Two McNally Jackson Booksellers Argue About Jonathan Franzen's 'Freedom'
by Dustin Kurtz and Sam MacLaughlin
Sam MacLaughlin: Hi Dustin!
Dustin Kurtz: Hello Samuel. So, introductions of our various stances, maybe?
Sam: Maybe! We are both sad young white literary men, yes?
Dustin: Emphasis on the sad and white, yes. Our manliness being in dispute at times.
Sam: At times. I do carry a tote bag. And: you’re not a female novelist, are you?
Dustin: No, so I think we can agree that my dislike of this book won’t come from anything as disagreeable as politics. Unless there is a political party fighting for better prose?
Sam: Which book!
Dustin: THE book, young sir, the book of our generation!
Sam: The book that takes the datum of our shared millennial life, and limns, like, mostly everything that needs a limning?
Dustin: The tome, generations hence, that people will use to judge your immortal white literary soul.
Sam: Freedom!
Dustin: Freedom!
Dustin: I wish we could have done that simultaneously.
Sam: It was pretty simultaneous.
Dustin: So you would choose this book over the life of your firstborn, yes? Whereas I think it has flaws (so nuanced)! Sometimes little but.
Sam: I think it has flaws, too, but I would say that this is a great book. I am not an enemy of Freedom.
Dustin: Can we actually get seriouschat here and make a distinction between a great book and a great novel?

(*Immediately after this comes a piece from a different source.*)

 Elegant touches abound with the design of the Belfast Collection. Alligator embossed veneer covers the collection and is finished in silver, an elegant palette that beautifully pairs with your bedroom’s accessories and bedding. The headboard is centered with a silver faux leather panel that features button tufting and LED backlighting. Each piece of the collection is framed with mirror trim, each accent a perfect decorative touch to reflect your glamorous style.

Sam: Let’s. I bet you have ideas.
Dustin: I do! Greatness aside (very much aside) this book is a successful novel in many ways.
Sam: Agreed.
Dustin: When we talk about The Novel (all the time, I’m sure) we’re talking about a specific layering of detail, adherence to some rules, all of which this does very well.
Sam: But?
Dustin: But if we want to talk about the worth of a book more generally, we have to look at the quality of the writing, and maybe it’s value to readers. Did I say seriouschat? Apparently I meant didacticchat.

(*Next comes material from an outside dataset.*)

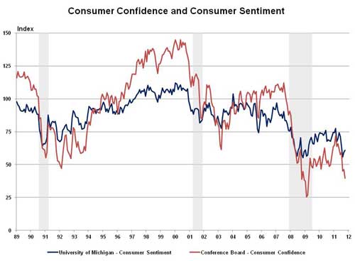 Consumer confidence remained at levels close to the darkest days of the Great Recession, but there was some disagreement among the two most frequently used measures about where confidence is rising or falling.
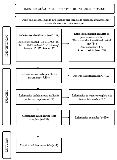 A revisão teve como pergunta norteadora: “Quais as estratégias de autocuidado para manejo da fadiga em mulheres com câncer de mama em quimioterapia?”, seguindo o acrônimo PICo, sendo: P “População” (mulheres com câncer de mama em quimioterapia); I “Fenômeno de Interesse” (estratégias de autocuidado para manejo da fadiga); Co “Contexto” (Tratamento quimioterápico do câncer de mama).

Sam: They are probably the same thing. Does didactic-chat need a hyphen? That one is harder to read.
Dustin: What I’m saying is that if all it takes to be a good (honestly, not great, and definitely not Great) novel is the creation of this dense clay flesh around the frames of these characters, then Franzen is good.
Sam: And yet, as a member of the backlash (how does it feel?) you are denying greatness and Greatness. On what grounds? I’m still trying to figure out how it’s possible to hate Freedom. Also Freedom by Jonathan Franzen.
Dustin: Well, so let’s not get too much into whether he accomplishes his goals of a greater worth outside of that book, because I’m not Emerson and anyhow we both believe pretty soundly in the value of literature for its own sake. At least for well-fed bastards like you and I.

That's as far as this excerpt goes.